Start of Recorded information

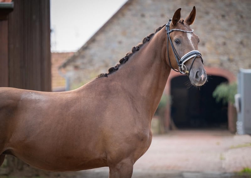 Talisman ist ein 4-jähriger, liebevoll aufgezogener Dunkelfuchs aus eigener Zucht, der durch seine besondere Ruhe, Klarheit und Menschenbezogenheit besticht. Er zeigt sich bereits jetzt als absolut verlässlicher Partner im Umgang und unter dem Sattel – ein Pferd, das Vertrauen schenkt und Sicherheit vermittelt. ✨ Sein Charakter: • ausgesprochen brav und umgänglich • menschenbezogen und freundlich • klar im Kopf, neugierig und lernwillig ✨ Ausbildung: • sicher im Umgang (führen, putzen, anbinden) • geht alleine problemlos auf den Hänger und wieder herunter • kennt Doppellonge • läuft über Trabstangen und macht kleine Sprünge • geht bereits alleine eine kleine Runde ins Gelände • Reiterwechsel kennt er ebenfalls Talisman ist für sein Alter außergewöhnlich abgeklärt und bringt eine tolle Basis mit. Er eignet sich ideal für Reiter, die ein junges Pferd weiter fördern möchten – auch für ambitionierte Einsteiger mit Unterstützung. ✨ Abstammung: Total Diamond x Contendro – leistungsgeprägt und interessant für vielseitige Förderung ✨ Besonderheit: Ein Pferd mit viel Herz und Charakter, das seinem Menschen gefallen möchte und dabei stets ehrlich bleibt. Wir wünschen uns für Talisman einen wertschätzenden Platz, an dem er weiter wachsen darf. Ein Kennenlernen mit ausreichend Zeit ist selbstverständlich möglich.
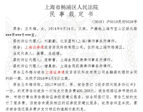 此外,另有数名个人投资者因对“上海证券通”提供的投资建议服务不满而提起诉讼。不过,涉及案件因存在管辖权异议,目前尚未披露后续结果。
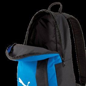 Two-way zip opening into main compartment, Hidden vertical zip at front, Webbing carry handle at top, Padded, adjustable shoulder straps, Large PUMA Cat Logo at lower leftcorner
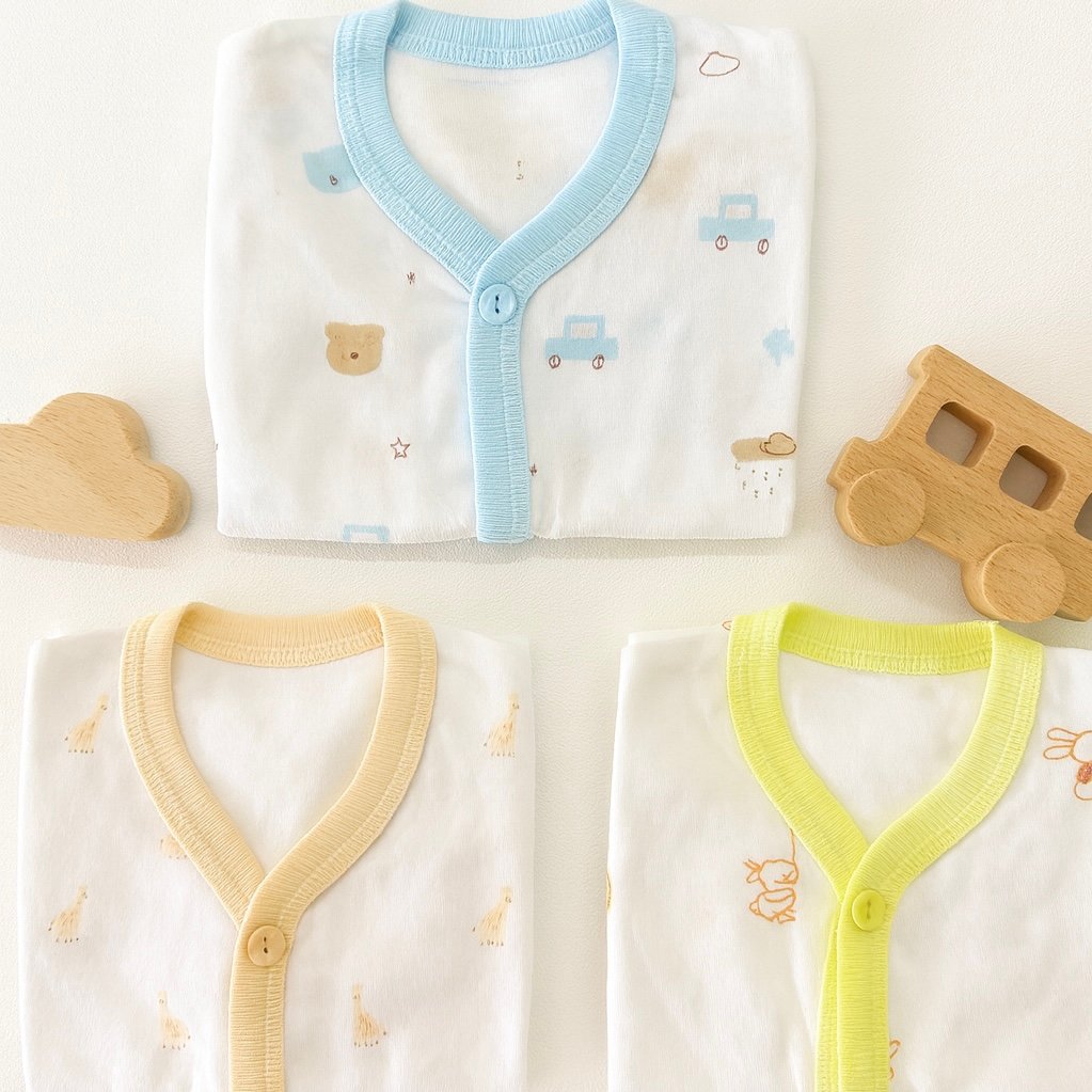This full-sleeve jabla set of 3 is made with premium cotton, providing softness, breathability, and all-day comfort for newborns and infants. The front-open button closure makes dressing and changing simple, while the pastel border designs (pink, yellow, green) with cute animal prints bring charm to everyday wear. Gentle on sensitive skin and durable for repeated washes, this set is ideal for both baby boys and girls, making it a thoughtful gift choice.

End of Recorded information

In your reply, every line of the material should appear exactly as written, and no picture should.

→ Exercise output:
 Talisman ist ein 4-jähriger, liebevoll aufgezogener Dunkelfuchs aus eigener Zucht, der durch seine besondere Ruhe, Klarheit und Menschenbezogenheit besticht. Er zeigt sich bereits jetzt als absolut verlässlicher Partner im Umgang und unter dem Sattel – ein Pferd, das Vertrauen schenkt und Sicherheit vermittelt. ✨ Sein Charakter: • ausgesprochen brav und umgänglich • menschenbezogen und freundlich • klar im Kopf, neugierig und lernwillig ✨ Ausbildung: • sicher im Umgang (führen, putzen, anbinden) • geht alleine problemlos auf den Hänger und wieder herunter • kennt Doppellonge • läuft über Trabstangen und macht kleine Sprünge • geht bereits alleine eine kleine Runde ins Gelände • Reiterwechsel kennt er ebenfalls Talisman ist für sein Alter außergewöhnlich abgeklärt und bringt eine tolle Basis mit. Er eignet sich ideal für Reiter, die ein junges Pferd weiter fördern möchten – auch für ambitionierte Einsteiger mit Unterstützung. ✨ Abstammung: Total Diamond x Contendro – leistungsgeprägt und interessant für vielseitige Förderung ✨ Besonderheit: Ein Pferd mit viel Herz und Charakter, das seinem Menschen gefallen möchte und dabei stets ehrlich bleibt. Wir wünschen uns für Talisman einen wertschätzenden Platz, an dem er weiter wachsen darf. Ein Kennenlernen mit ausreichend Zeit ist selbstverständlich möglich.
 此外,另有数名个人投资者因对“上海证券通”提供的投资建议服务不满而提起诉讼。不过,涉及案件因存在管辖权异议,目前尚未披露后续结果。
 Two-way zip opening into main compartment, Hidden vertical zip at front, Webbing carry handle at top, Padded, adjustable shoulder straps, Large PUMA Cat Logo at lower leftcorner
This full-sleeve jabla set of 3 is made with premium cotton, providing softness, breathability, and all-day comfort for newborns and infants. The front-open button closure makes dressing and changing simple, while the pastel border designs (pink, yellow, green) with cute animal prints bring charm to everyday wear. Gentle on sensitive skin and durable for repeated washes, this set is ideal for both baby boys and girls, making it a thoughtful gift choice.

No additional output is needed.